French nobleman and scientist (1739–1824)

Jean de Noailles, 5th Duke of Noailles (Jean Louis Paul François; 26 October 1739, Paris – 20 October 1824) was a French nobleman and scientist.

==Early life==
Jean-Louis-Paul-François de Noailles was the son of Catherine de Cossé-Brissac and Louis, 4th duc de Noailles, a Marshal of France in 1775. His father was a nephew of Marie Victoire de Noailles, daughter-in-law of Louis XIV, and his paternal grandmother, Françoise Charlotte d'Aubigné, was a niece of Madame de Maintenon.

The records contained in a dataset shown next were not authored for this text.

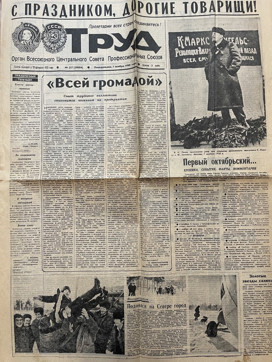 Труд 7 ноября 1988 года. С Праздником!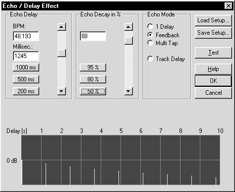 Программа позволяет применять эффект эха к выделенному фрагменту волнового проекта. Графический дисплей в окне представляет амплитуды звуковых отражений сигнала (эхо) через промежутки времени, определенные текущими параметрами настройки. Каждая вертикальная линия – это эхо первоначального звука. Длина каждой линии соответствует амплитуде эха (как процент от амплитуды первоначального звука), в то время как расстояние по горизонтали от левого края до линии эха представляет собой задержку времени.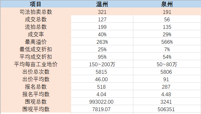 2017年淘寶數(shù)據(jù)中工業(yè)資產(chǎn)已結(jié)束的司法上拍記錄中泉州191個,溫州321個,剔除流拍/撤回/中止等因素抽取成交數(shù)據(jù)做參考。如上表所示:泉州整體上拍賣總量比溫州低41%,成交折扣低41%,成交率低11%,溫州平均每畝工業(yè)用地均價高出泉州近一倍。不論是工業(yè)成交價,平均溢價率,競爭程度,平均工業(yè)用地價格等方面兩地相距甚遠(yuǎn),筆者特意收集了報名人數(shù)/出價次數(shù)/圍觀人數(shù)這3組數(shù)據(jù),發(fā)現(xiàn)幾乎溫州溢價在120%以上的工業(yè)拍品都會有至少3人以上哄搶的場景,完全可以用“網(wǎng)紅”來形容溫州的工業(yè)二級市場。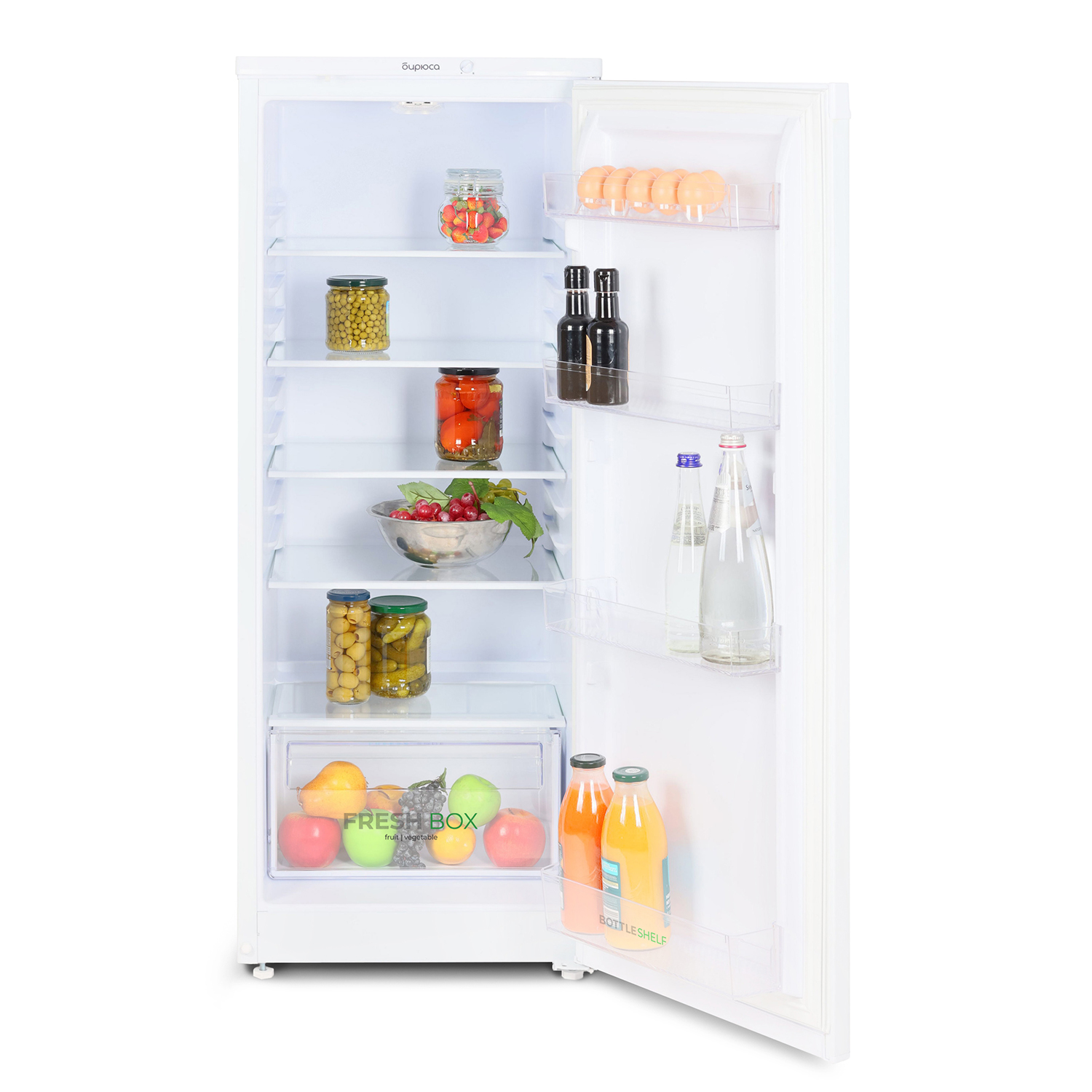 Узкий однокамерный холодильник Бирюса 411 без морозильного отделения. Особенности:

He was in the army for a period. However, his eminence as a chemist gained him the election as a member of the Académie des sciences in 1777. He was also a Knight of Golden Fleece.

He became Duc d'Ayen in 1766 on his grandfather's death, and Duc de Noailles on his father's in 1793. Having emigrated in 1792, he lived in Switzerland until the Bourbon Restoration in 1814, when he took his seat as a Peer of France.

==French Revolution==
As a member of the royal military the Duke was away from his estates during much of the French Revolution and was not present for the death of his father, upon which he became the Duc de Noailles. His absence spared him being arrested along with most of his relatives on orders of Robespierre in May 1794. On 22 July that year, his 70-year-old mother (the dowager Duchess Françoise de Noailles), his wife (the Duchess Anne-Louise-Henriette), their eldest daughter Louise (the Vicomte de Noaille, by virtue of marriage to her cousin Marc Antoine de Noaille), and their second daughter, Adrienne de La Fayette, were condemned to the guillotine. All were executed except for Adrienne, who was spared at the last moment due to intervention by the future American president, James Monroe (the then U.S. Minister to France), because of her husband's efforts for America during the American War for Independence) but only after her paternal grandmother, mother, and sister were beheaded within her sight. The Duke learned of their deaths weeks later. His family had lost many other members including two of his uncles (including Philippe de Noailles, duc de Mouchy) and numerous cousins and in-laws during the Revolution.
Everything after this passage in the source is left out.